Dataset content

━━━━━━━━

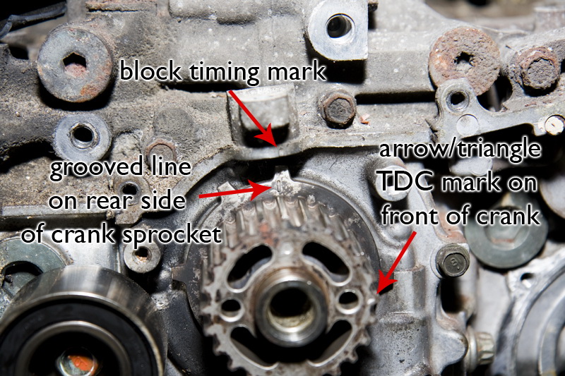 Once you have the crank pulley and timing belt cover removed, you can properly set the timing so the pistons are fully recessed inside the cylinder walls. There are two marks on the crank sprocket: one for Top Dead Center and another for recession. DO NOT set the timing to Top Dead Center: this could cause the valves to open and “kiss” the piston tops, potentially bending the valves. The cam sprockets have timing marks as well to indicate the recessed setting. When this setting is achieved (and you’ve double checked and double checked again) you can begin to remove the timing belt itself.
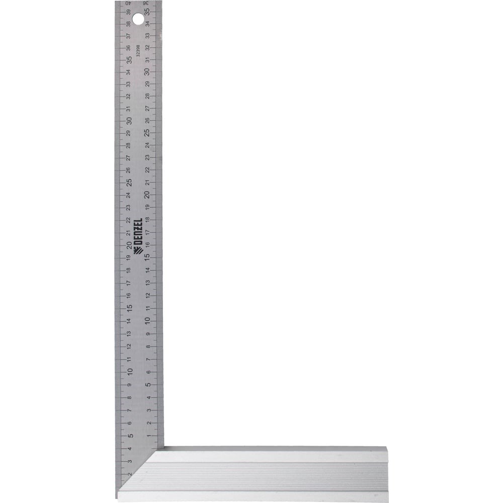 Стальной угольник Denzel 32398 длиной 400 мм, с градуировкой, алюминиевым основанием и полотном из нержавеющей стали, используется для построения и контроля углов. Будет полезен для выполнения столярных и строительных работ.
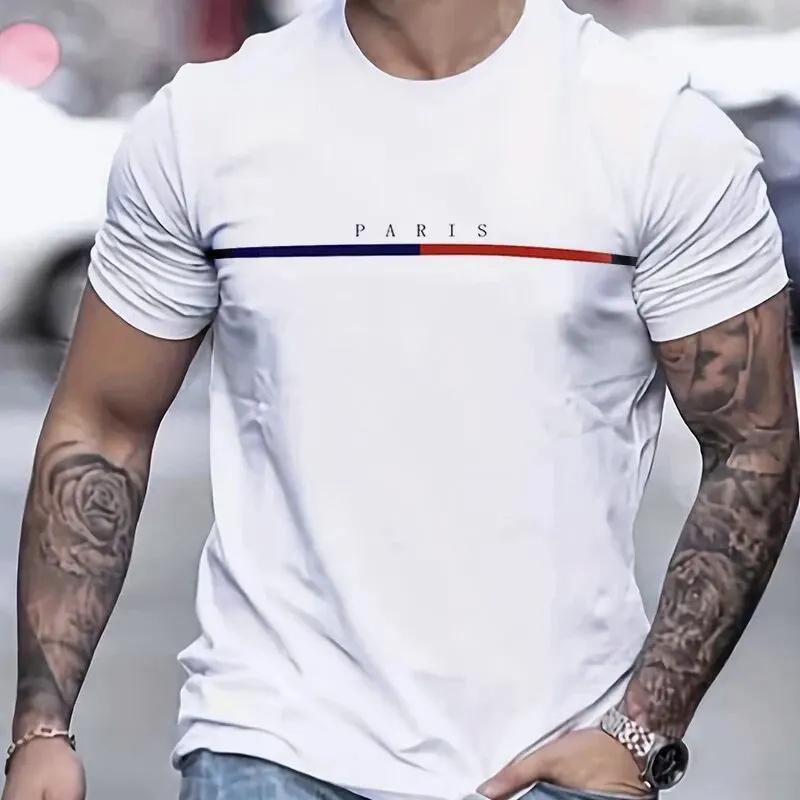 Летняя мужская новая футболка однотонная с принтом букв, свободная, с круглым вырезом, с коротким рукавом, повседневная, модная, уличная, для личности, топы 50945
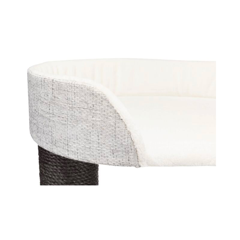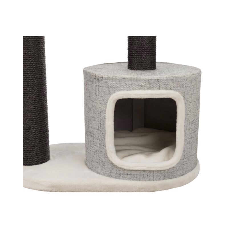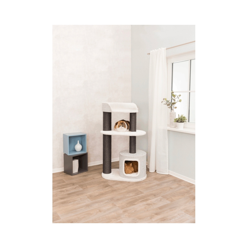 Measurements: 128 cm Floor area: 78 × 48 cm Post: ø 15/12 cm Colour: white/grey Thread Size: M8 Height: 128 cm Especially suitable for large cats sisal: ø 8 mm/plush (polyester): 400 g/m²/fabric (polyester) cuddly bed with padded rim cave fitted with plush/fleece (polyester) and reversible cushion (hand wash) padded platforms colour: white/grey

━━━━━━━━

About this exercise
Would you restate word for word only the lines from the line with "Стальной угольник Denzel" to the last line above, with the pictures left out?

Answer to this exercise
 Стальной угольник Denzel 32398 длиной 400 мм, с градуировкой, алюминиевым основанием и полотном из нержавеющей стали, используется для построения и контроля углов. Будет полезен для выполнения столярных и строительных работ.
 Летняя мужская новая футболка однотонная с принтом букв, свободная, с круглым вырезом, с коротким рукавом, повседневная, модная, уличная, для личности, топы 50945
 Measurements: 128 cm Floor area: 78 × 48 cm Post: ø 15/12 cm Colour: white/grey Thread Size: M8 Height: 128 cm Especially suitable for large cats sisal: ø 8 mm/plush (polyester): 400 g/m²/fabric (polyester) cuddly bed with padded rim cave fitted with plush/fleece (polyester) and reversible cushion (hand wash) padded platforms colour: white/grey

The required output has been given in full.